The Claretians petitioned Cupich to restore Wellems' faculties immediately.

"He's dedicated much of his priestly ministry to working with young people, especially youth at risk in Back of the Yards," Urrabazo said. "He looked for every possible way to encourage young people to live lives of hope and lives of possibility."

So far, nothing has stood in Wellems' way of continuing to do that work.

"People have said the air of the neighborhood has held more hope since he's been back — just him being here," said Sister Angie Kolacinski, who has overseen youth programming at Holy Cross for the past 28 years. He models how to overcome mistakes made during youth, she said. "That's why we have so many young people participating in our programs. They feel safe here."

Kolacinski said she has never spoken to the victim. But if she did she would listen.

"I didn't live his experience," she said. "I just know what our lived experience is. There is no fear here."

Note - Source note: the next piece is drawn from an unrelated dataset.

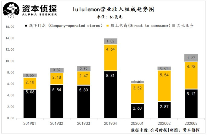 今年以来,lululemon营收结构发生了剧烈变化。

Being without a collar prevents Wellems from hearing confessions, celebrating Mass and presiding at funerals. He has been forced to turn down families in recent months, even though he has buried a number of children in Back of the Yards over the years.

It did not keep him from making a trip to Rome earlier this fall as one of two priests representing the religious order's U.S. province at a worldwide meeting. During an audience with Pope Francis, Wellems handed him a letter, asking him to push for prison reform.

"In my past, I have sinned," Wellems wrote. "It wasn't a crime. It was a sin," adding that his status as a priest is "in limbo."

Cupich has referred the question of Wellems' return to the archdiocese's Independent Review Board, a spokeswoman said.

"As much as I hate going through this, maybe it's good," Wellems said. "I'm obviously against abuse. My whole ministry has been spent protecting families and children."